Mark Eglinton, a writer who collaborated with McAfee, said the eccentric antivirus software creator who hanged himself in prison apparently spent many millions on large mansions and compounds in places like Belize, Texas, Colorado, Hawaii and Tennessee, and was hammered by the real estate crisis in 2008.

Eglinton, who wrote “No Domain: The John McAfee Tapes” with McAfee, told DailyMail.com that he believes McAfee was indeed penniless – and the once mega-rich tech titan couldn’t even afford to pay Eglinton for his help with the tome.

“I don’t doubt that if he could have helped he would have,” Eglinton said of the modest advance fee he requested. “He said, ‘I can’t do it, my financial situation is worse than yours.”‘

Eglinton claims to have interviewed McAfee for “countless hours,” starting in August 2019 while McAfee was hiding from US officials and MacAfee detailed for Eglinton where the money went.

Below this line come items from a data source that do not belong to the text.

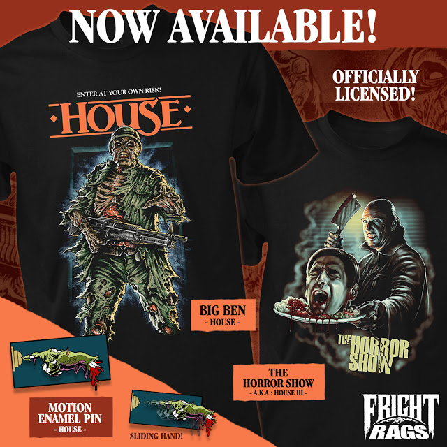 Enter Fright-Rags’ House collection at your own risk. Horror comes home on a tee with Big Ben from the ’80s cult classic, as well as a shirt for The Horror Show (also known as House III) and an enamel pin based on the House poster, which features a severed hand with sliding action.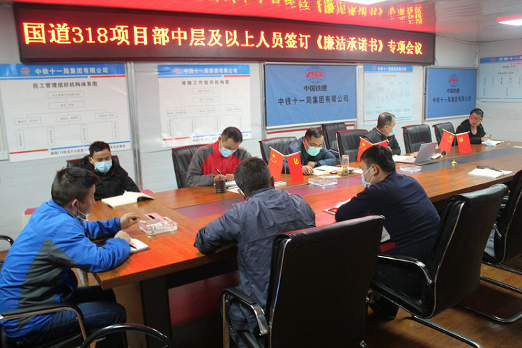 國道318項(xiàng)目部中層及以上人員簽訂《廉潔承諾書》儀式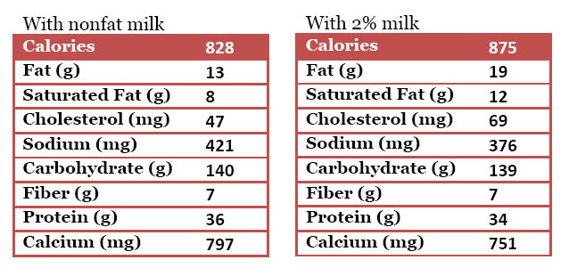 • 1  1/2 cups nonfat or 2% milk (or milk substitute of your choice)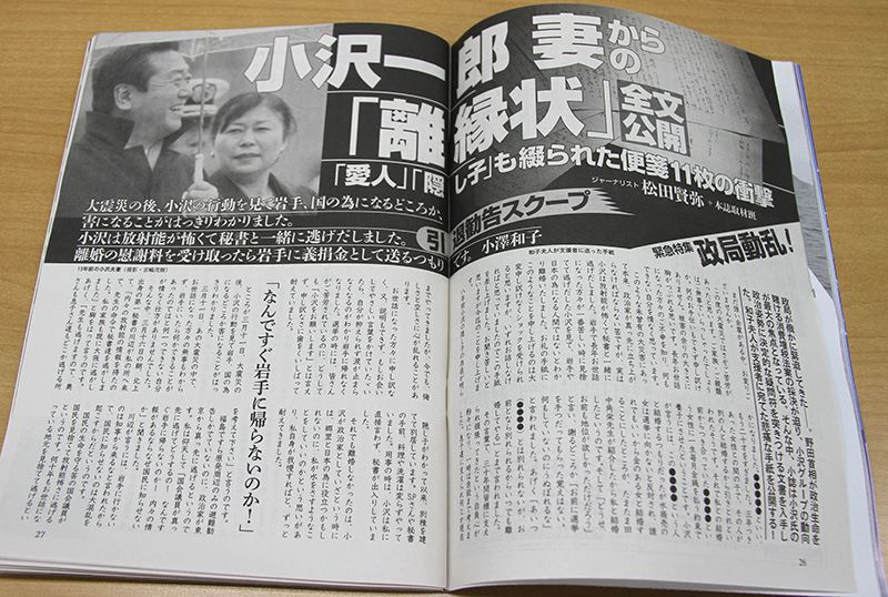 小沢一郎氏の妻から後援会関係者に送られたとされる「手紙」を掲載した『週刊文春』2012年6月21日号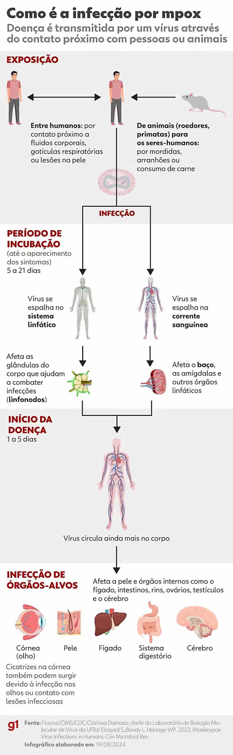 A mpox é uma doença viral causada pelo vírus monkeypox, da mesma família da varíola. A transmissão ocorre principalmente por contato próximo com lesões de pele, fluidos corporais, gotículas respiratórias ou objetos contaminados.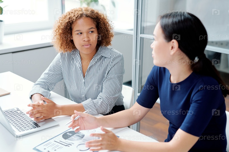 Молодая серьезная бухгалтерская работница смешанной расы смотрит на объяснение своего коллеги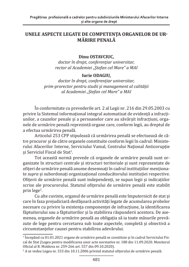 Informații la titlu:În: Pregătirea profesională a cadrelor pentru subdiviziunile Ministerului Afacerilor Interne şi alte organe de drept: Conferinţa ştiinţifico-practică internaţională din 4 decembrie 2020 / Academia „Ştefan cel Mare” a MAI al Republicii Moldova ; redactor-şef: Iurie Larii; colegiul de redacţie: Dinu Ostavciuc [et al.]. Chişinău: Departamentul Editorial-Poligrafic al Academiei „Ştefan cel Mare”, 2021, pp. 481-494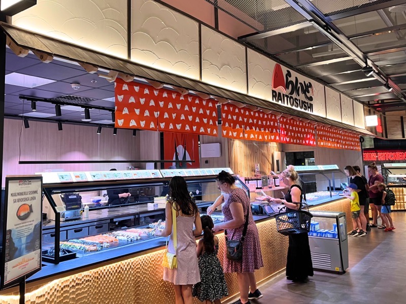 その中でも人気なのが日本米を使用したビュッフェ形式のお寿司コーナーです。SUSHIのお店はフィンランドに多いですが、シャリまで美味しいお店はあまりないので、このスーパーのお寿司の美味しさにはびっくりでした。お店の前の通りは、住所を見ていただくと驚きますが「寿司通り」と名付けられています。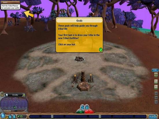 左上角的任务目标将会指引你完成部落生活。首先要到部落装备界面去为你的部落成员选择一身合适的服饰。首先要点击棚屋。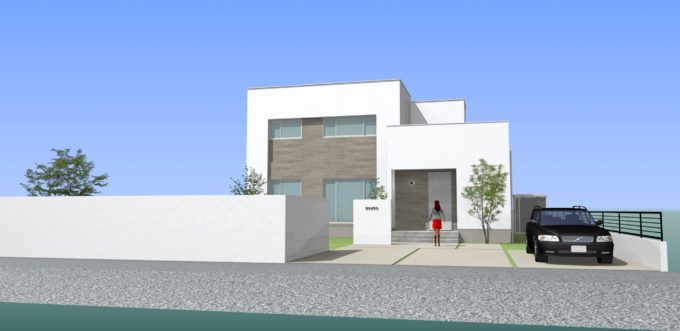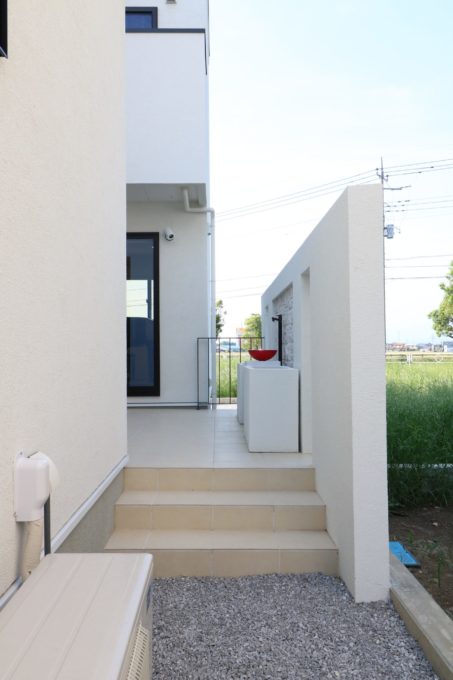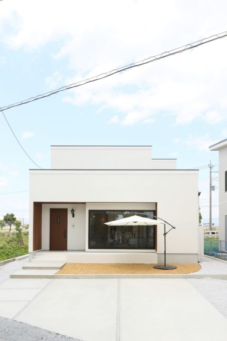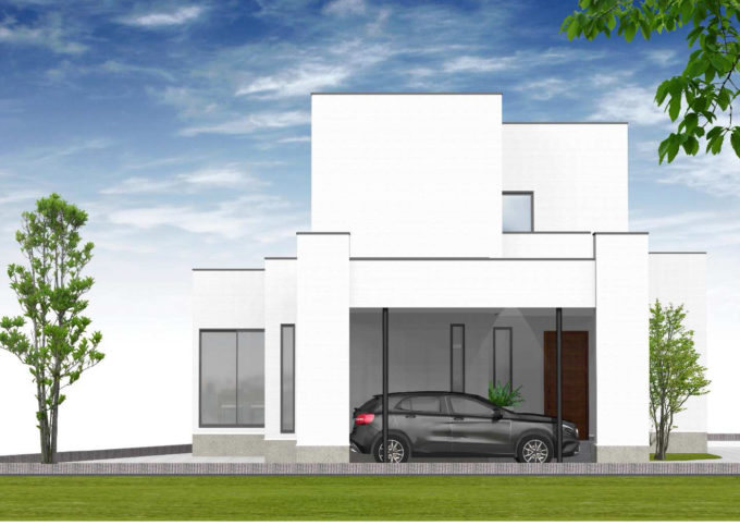 ホワイトの外壁にグレージュカラーがアクセントになり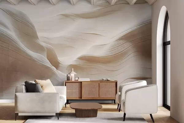 Fotobehang Zandstenen canyonwanden met gladde, vloeiende rondingen en texturen, natuurlijke schoonheid, minimalisme N° w09533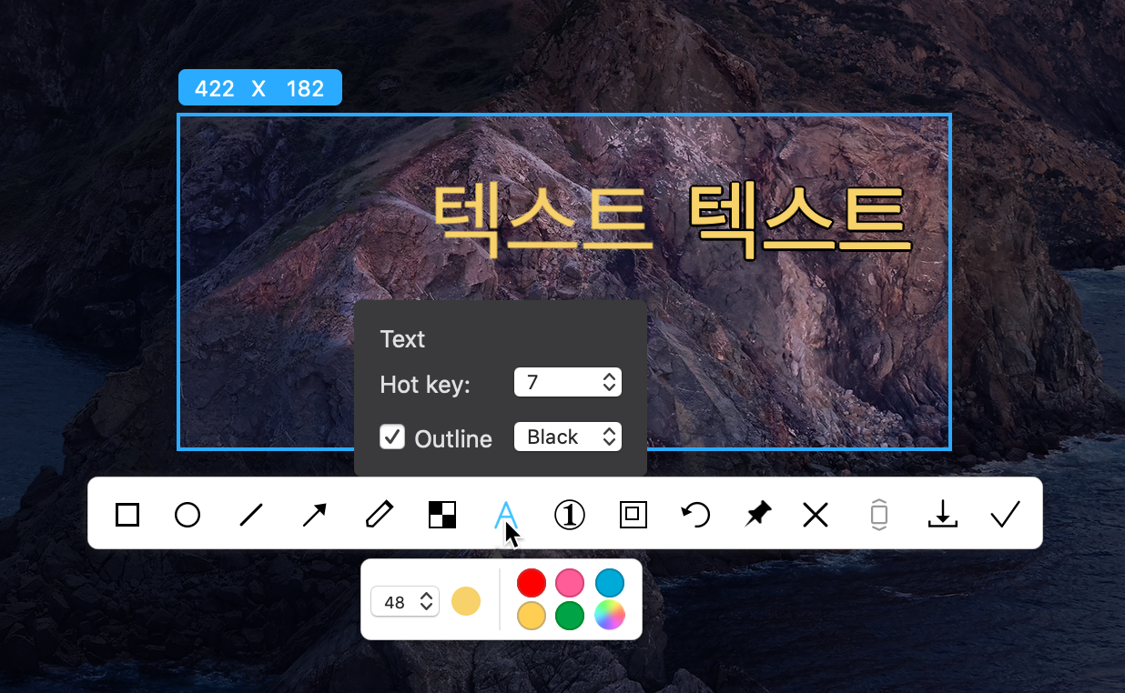 - Pin from pasteboard: "클립보드 이미지 고정" 단축키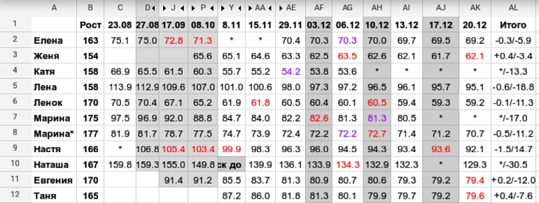 Из личного опыта: я худела через полгода после первых родов в два этапа, а сейчас начала худеть спустя 4 месяца после вторых родов ( в табличке я со *), моя диета никак не отразилась на количестве/качестве молока (сейчас ребенку 8.5 и до сих пор приходится ходить с прокладками для груди)))), старшего ребенка кормила до 1.10, младшего планирую так же.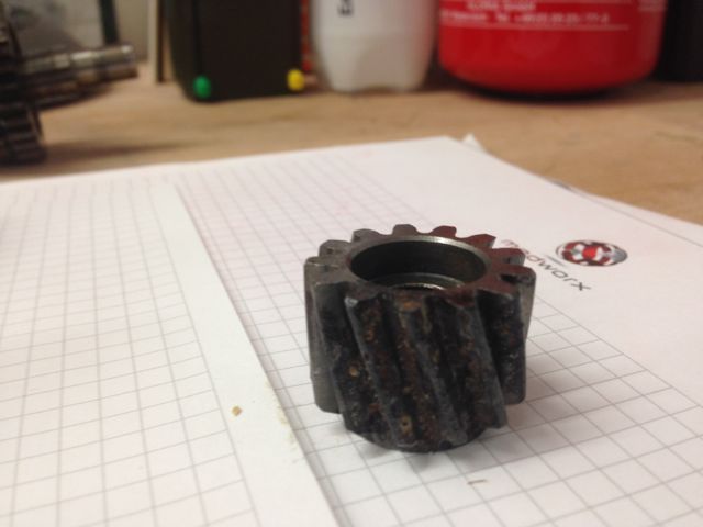 wie ist denn die Verzahnung der Vorgelegewelle (das ist die mit den festen kleinen Zahnrädern)?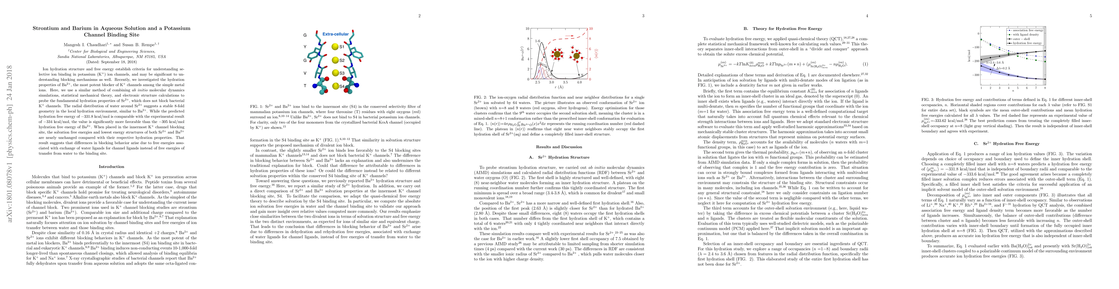 This paper investigates the hydration properties of Sr2+ and Ba2+ ions using simulations and theoretical methods, finding that Sr2+ has a stable 8-fold hydration geometry similar to Ba2+. The study suggests that differences in blocking behavior of K+ channels are due to the free energies associated with ligand exchange rather than direct hydration free energy differences.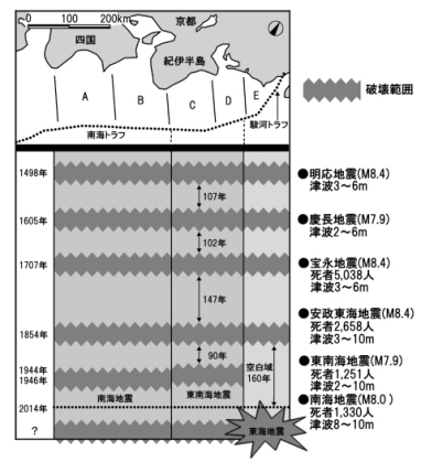 | 私たちの東海地方では、太平洋プレートが潜り込むその先のフィリピン海プレートがユーラシアプレートに潜り込んで起きる津波を伴う地震が90 〜100年間隔で起きています。長い期間でも150年です。 いつ起きても不思議ではないと言われているわれわれの住む地域の地震は、前のものは1944(昭和19)年12月7日に起きた東南海地震で、津波を伴うプレート型の地震でした。その1カ月後の1945(昭和20)年1月13日に起きた直下型の三河地震では、愛知県西三河で2,306人の死者が出ています。1946(昭和21)年12月21日には南海地震が起きましたが、東海地震は起きなかったと言われます。本当に駿河湾の東海地震はなかったのでしょうか。 東南海地震の起きた12月7日は日本軍が真珠湾攻撃を仕掛けた日と同じ日で、地震兵器が使われたとの説もあるのです。「地震の次は何をお見舞いしましょうか」−。地震の後、米軍が撒いたビラにそう書いてあり、驚いたそうです。そしてB29による爆撃が始まったと言われています(写真1)。 軍隊による報道管制が敷かれており、写真や資料が残されていないのが実情です。東海地震が幻の地震といわれているのは、そのためです。今も額田郡幸田町の深溝(ふこうず)断層(写真2)、蒲郡市の宗徳寺の地割れ、蒲郡市金平町の隆起跡など痕跡は多く残っていて、蒲郡市、幸田町、西尾市にわたり今も見ることができます。ぜひ、自分の目で見ていただきたい。 1945(昭和20)年8月15日終戦。東海地震は起きなかったと言われます。さかのぼって安政の東海、東南海、南海地震(1854年)の地震から起算をすると、160年経過しています。重要な警戒地域になっています(表2)。昨年、東海地震が30年以内に発生する確率が88%まで高まったと政府の地震調査委員会から発表されました。 |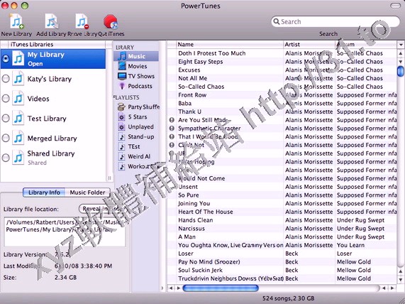 PowerTunes幫助用戶自主創建多個iTunes libraries並支援將音樂文件分類管理.自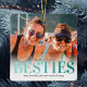 Ornamento personalizado de navidad de los mejores amigos con dos fotos, la palabra "besties" en un adorable gradiente verde azulado de moda, una cita de amistad personalizada y sus nombres.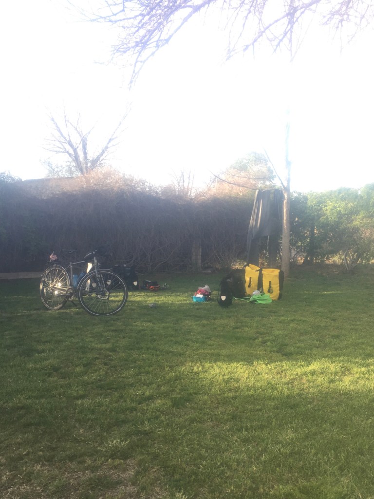 Actually we rode to the local hostel, see photos. Ingrid said come on in. Don’t pitch a tent, stay inside and make ourselves at home. She saw us coming! Complete with a bathhouse, towels, rooftop futons. You can check this place out online if you’re curious. La Loma del Chiva. Absolutely the perfect ending to a great day! Today we are happy cyclists.

“We got a lot into where he spent his money over the years. … He had his money in very safe investments, but he built houses, absolutely bizarre properties. Some of them, he never slept a night in the property.”

These properties became albatrosses after the financial crisis, and he sold many at a loss, including his compound in Woodland Park, Colo. It was valued at more than $25 million but sold at auction for a mere $5.72 million in 2007 to a Chicago commodities trader, according to the Daily Mail. 

McAfee reportedly told Eglinton: “The $100 million I got out of McAfee [Antivirus], that goes very quickly.”

Eglinton is now publishing the book in December as the sole author.

McAfee had been jailed at the Brians 2 prison since October while a Spanish tribunal considered whether to honor the extradition order. Federal prosecutors in Tennessee had issued a warrant for McAfee, alleging that he dodged more than $4 million in taxes.

Separately, a Securities and Exchange Commission complaint claimed that McAfee promoted ‘initial coin offerings’ of cryptocurrency without disclosing that he was paid more than $23 million to do so. Attempts to reach Janice McAfee were unsucessful.